In the fourth part of our conversation with Conservators, we start with a question from our CEO, Paul Sapwell.
ALEX: Let’s get started with this question from Paul. He asks: Have you ever met an object you have conserved, in your dreams or nightmares? What happened?
NIGEL: In short, no.
RUTH: Moths haunt my dreams! And asbestos!
NIGEL: Yes, they have given me many nightmares.
CLAIRE: The only one I can remember is the wedding cake, after that journey to London. [1]
ALEX: Was that for the One Show?
CLAIRE: Yes, I had dreams for the next three nights about it falling apart!
NIGEL: That was a scary undertaking.
RUTH: I don’t know if Claire remembers but we drove it from Basingstoke first and it moved in the car.
CLAIRE: I had to get my adhesive out in the back of the studio – it had crept across its base board with the vibration during travel. Hadn’t done that on the shorter trips so it was a shock!
ALEX: How do you prepare to move an object?
CLAIRE: For the cake, we built a bespoke box and packed inside its dome as well as out. We propped it up level in the seat, strapped it in and watched it like a hawk all the way there.
ALEX: Most of us wouldn’t think about what’s involved in transferring an object from your work spaces to the venues/locations they will be displayed in. Apart from the wedding cake, what’s been the most challenging object you’ve all had to prepare and then move?
NIGEL: I had to get the Challenger Tank ready to move [at Aldershot Military Museum]. I had to get it running so the army could drive it. A chap from REME[2]came with his huge transporter to try to tow it but we had little luck. So instead we had to get it running. I remember having to sort out a huge oil leak, also laying on top of the engine as he started her up so I could check it wasn’t leaking.
ALEX: Wow!
NIGEL: I also remember working underneath it. I could only just get under. Quite frightening when you think of the weight of it.

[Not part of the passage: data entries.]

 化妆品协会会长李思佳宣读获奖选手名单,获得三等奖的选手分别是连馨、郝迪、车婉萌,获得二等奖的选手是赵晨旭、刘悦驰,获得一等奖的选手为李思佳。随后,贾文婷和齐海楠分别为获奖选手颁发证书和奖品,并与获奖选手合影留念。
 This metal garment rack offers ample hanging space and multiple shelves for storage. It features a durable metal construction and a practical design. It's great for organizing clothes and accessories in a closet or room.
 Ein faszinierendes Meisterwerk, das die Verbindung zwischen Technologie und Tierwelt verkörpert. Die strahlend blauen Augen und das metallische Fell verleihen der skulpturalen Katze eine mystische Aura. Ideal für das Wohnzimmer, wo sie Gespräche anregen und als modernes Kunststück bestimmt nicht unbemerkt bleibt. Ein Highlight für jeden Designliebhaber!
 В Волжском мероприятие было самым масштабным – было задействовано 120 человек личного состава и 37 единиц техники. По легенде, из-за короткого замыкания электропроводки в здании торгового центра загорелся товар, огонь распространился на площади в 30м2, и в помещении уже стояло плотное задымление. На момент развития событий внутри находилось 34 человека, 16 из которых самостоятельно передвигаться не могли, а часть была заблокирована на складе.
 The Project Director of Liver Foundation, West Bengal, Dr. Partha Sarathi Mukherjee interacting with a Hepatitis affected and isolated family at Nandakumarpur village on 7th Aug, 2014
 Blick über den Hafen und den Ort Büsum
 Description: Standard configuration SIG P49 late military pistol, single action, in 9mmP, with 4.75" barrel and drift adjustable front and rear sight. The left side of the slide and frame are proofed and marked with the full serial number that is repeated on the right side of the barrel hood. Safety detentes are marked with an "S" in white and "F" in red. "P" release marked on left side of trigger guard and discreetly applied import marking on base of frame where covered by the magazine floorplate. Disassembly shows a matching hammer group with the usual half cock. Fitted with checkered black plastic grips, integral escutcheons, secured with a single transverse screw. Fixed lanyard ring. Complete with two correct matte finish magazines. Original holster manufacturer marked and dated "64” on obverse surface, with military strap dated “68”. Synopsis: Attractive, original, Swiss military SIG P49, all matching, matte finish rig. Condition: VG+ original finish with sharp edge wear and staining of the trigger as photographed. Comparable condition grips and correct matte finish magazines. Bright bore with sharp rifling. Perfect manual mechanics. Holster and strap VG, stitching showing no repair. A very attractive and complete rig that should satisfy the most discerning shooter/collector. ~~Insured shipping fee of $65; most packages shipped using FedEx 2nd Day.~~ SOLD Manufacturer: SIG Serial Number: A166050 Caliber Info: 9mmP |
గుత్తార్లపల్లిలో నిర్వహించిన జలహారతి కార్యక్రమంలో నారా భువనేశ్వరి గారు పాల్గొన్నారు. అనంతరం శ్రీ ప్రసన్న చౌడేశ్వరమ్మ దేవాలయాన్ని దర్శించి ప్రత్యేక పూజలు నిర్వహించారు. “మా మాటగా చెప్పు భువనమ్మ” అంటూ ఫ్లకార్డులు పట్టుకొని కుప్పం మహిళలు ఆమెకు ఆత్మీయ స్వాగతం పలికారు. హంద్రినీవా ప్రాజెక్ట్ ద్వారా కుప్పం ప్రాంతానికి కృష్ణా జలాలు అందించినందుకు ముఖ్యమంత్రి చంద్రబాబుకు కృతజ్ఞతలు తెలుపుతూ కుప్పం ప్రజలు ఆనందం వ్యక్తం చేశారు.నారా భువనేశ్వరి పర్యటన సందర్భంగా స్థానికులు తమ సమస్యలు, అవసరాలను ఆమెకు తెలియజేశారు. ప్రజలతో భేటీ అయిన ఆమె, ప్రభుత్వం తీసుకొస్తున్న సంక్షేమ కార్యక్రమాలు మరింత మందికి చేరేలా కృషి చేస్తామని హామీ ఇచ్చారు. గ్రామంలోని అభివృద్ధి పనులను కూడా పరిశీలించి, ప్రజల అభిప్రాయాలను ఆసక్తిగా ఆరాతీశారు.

CLAIRE: I couldn’t do that.
NIGEL: The plan was to move it off site, so building work could be done. In the end we only moved it 100 yards I believe.
ALEX: What did it feel like to hear the engine come to life?
NIGEL: Very, very loud. Smoke everywhere. [I] sorted the oil leak. The only time I’ve ever really worked on a tank.
CLAIRE: For me, moving cased taxidermy is always scary.
ALEX: Why?
CLAIRE: I think it’s partly the old case glass, as it’s so thin. The specimens can’t really be packed out easily; they just bobble around on their perch. I had a sparrow hawk once that was on a log, but the log wasn’t fixed to the case base. I did have to pack around that.
RUTH: I worry about moving costume on mannequins, the textiles can be so fragile.
ALEX: Can you give examples?
RUTH: Some of the wedding dresses came back on mannequins. [3] You can’t control the movement of mannequins during transit so if the fabric is fragile, movement could put undue stress on it.
ALEX: Were there any in particular that caused the most concern?
RUTH: The fragile ones would have been the older silk dresses.
ALEX: Silk is generally quite a fragile material isn’t it?
RUTH: Yes. Particularly old silk as it can shatter quite easily.
You can see some of the objects mentioned by Claire, Ruth and Nigel on our collections pages at collections.hampshireculture.org.uk
[1]Our 1890s wedding cake featured on the BBC’s The One Show on 21 May 2018.
[2]Royal Electrical and Mechanical Engineers, a corps in the British Army, they are responsible for maintaining the equipment that the Army uses.
[3]From the exhibition I do! which ran from October 2018 to January 2019 in the Gallery, Winchester Discovery Centre.